Review

Jersey Boys

The Four Seasons — Frankie Valli (John Lloyd Young), Tommy DeVito (Vincent Piazza), Bob Gaudio (Erich Bergen) and Nick Massi (Michael Lomenda) — perform in Clint Eastwood’s musical biopic Jersey Boys.
The Four Seasons — Frankie Valli (John Lloyd Young), Tommy DeVito (Vincent Piazza), Bob Gaudio (Erich Bergen) and Nick Massi (Michael Lomenda) — perform in Clint Eastwood’s musical biopic Jersey Boys.

Denis Leary once summarized The Doors, Oliver Stone’s Jim Morrison bio-pic as: “I’m drunk; I’m nobody! I’m drunk; I’m famous! I’m drunk; I’m dead!”

Jersey Boys

Grade: 81

Cast: John Lloyd Young, Erich Bergen, Michael Lomenda, Johnny Cannizzaro, Vincent Piazza, Christopher Walken, Freya Tingley, Kathrine Narducci, Mike Doyle, Erica Piccininni, Donnie Kehr.

Director: Clint Eastwood

Rating: R, for language throughout

Running time:134 minutes

Clint Eastwood’s new film of the Broadway musical Jersey Boys delivers enough moments of wit and candor to nearly escape this sort of reductive criticism. It helps that the actual story of how the Four Seasons rose, young men trying to stay a step ahead of the law, to formidable hit makers is compelling and that it has a few turns that aren’t the stuff of rocker bio-pics.

The founder of the ensemble was a now mostly forgotten guitarist named Tommy DeVito (Vincent Piazza). DeVito, like every other young man of limited means in the Garden State during the 1950s, dreamed of getting out. Because the only sure ways of getting ahead at the time were through the Army or the mob, it’s easy to understand why Tommy, a capable if not exceptional ax man, would want an option that wouldn’t put him in a body bag.

When he and his pals aren’t committing petty crimes to get by, they’re trying different combinations of musicians to create a sound that could make them rich. After several false starts, he finds what he needs is a small man with a huge voice named Francesco Castelluccio (John Lloyd Young). Later known as Frankie Valli, he was effortlessly able to reach high notes that no one else with Y chromosomes could hit. In addition, he still maintained the same level of volume in that range and even managed to make some of that register sound oddly macho as well as sensitive.

Stumbling on the scene was a bassist named Nick Massi (Michael Lomenda), who could also sing bass.

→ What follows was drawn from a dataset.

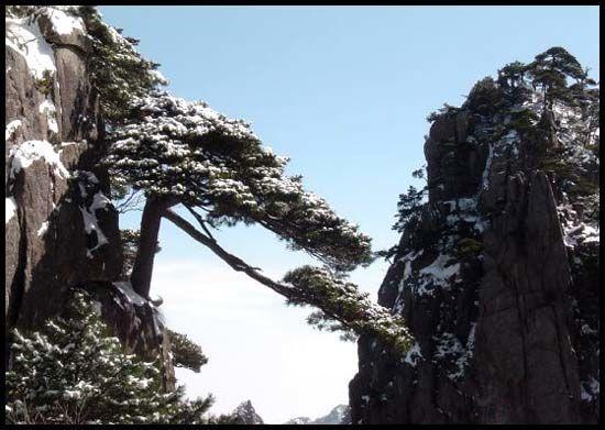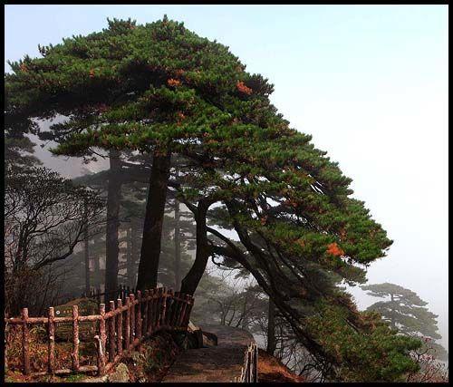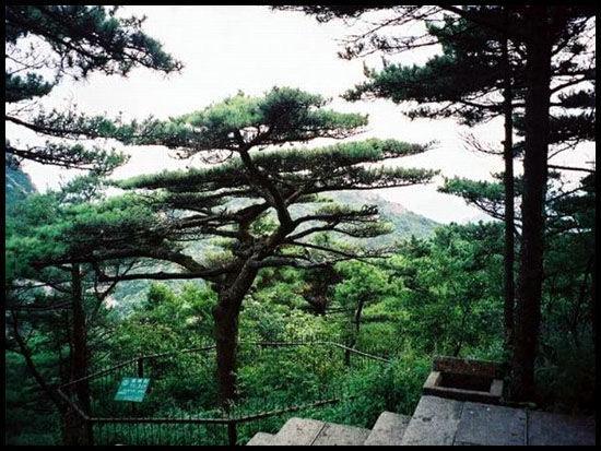 十大名松之一的迎客松是黄山奇松之首,列入世界遗产名录。该树地处海拔1680米处,树高10.1米,胸径65.6厘米,枝下高2.5米。

Lomenda’s friendship with future Oscar-winner Joe Pesci led to another discovery, keyboardist Bob Gaudio (Erich Bergen), who could also write tunes that maximized Valli’s unique vocal properties.

Director Eastwood and screenwriters Marshall Brickman (Annie Hall, Manhattan) and Rick Elice, who also happen to be the authors of the stage play, seem a little too constrained by the Behind the Music format. We learn what any regular listener to a Pink Floyd album already knows. Uh, fame sucks. It also might have helped if somebody like Martin Scorsese, who has a feel for the milieu, were behind the camera. The Jersey in Jersey Boys sometimes feels a little too much like a back lot.

Nonetheless, Eastwood does make several prudent decisions. Several of the cast come from the Broadway production, so they’re guaranteed to nail the roles. Young, in particular, wails Valli’s tunes and does the original vocalist proud. This is especially impressive because Eastwood had several vocal parts recorded on set.

Brickman and Elice’s script is loaded with juicy lines. One choice sequence is when prison guards greet perennial troublemaker DeVito as if he were a regular customer at a restaurant instead of a correctional facility.

The two also tweak the chronology and have the individual members of the group tell their own versions of the Four Seasons story directly to the camera. One almost wishes that Brickman and Elice had gone farther with this Rashomon approach because it would have given the story more credibility. Each of the guys in the band had different perspectives on their careers, and it would have been fun to imagine how each viewed the inevitable collapse.

There are some intriguing wrinkles in the Four Seasons story that keep it from fitting Leary’s caustic description. For example, Valli’s unique gifts behind a microphone moved a hardened made man (Christopher Walken) to tears and even led the veteran wise guy to protect Valli and company from other criminals. It might have also benefited the film if Valli’s awkward relationship with his daughter (Freya Tingley) could have been explored more fully. These scenes give the film a little more emotional weight than a musical revue usually has.

Nonetheless, it’s great to hear the Four Seasons’ uniquely ragged but not dissonant harmonies on a big-screen sound system. Still, one wishes that a production of Jersey Boys had some of the bile of Leary’s tirades.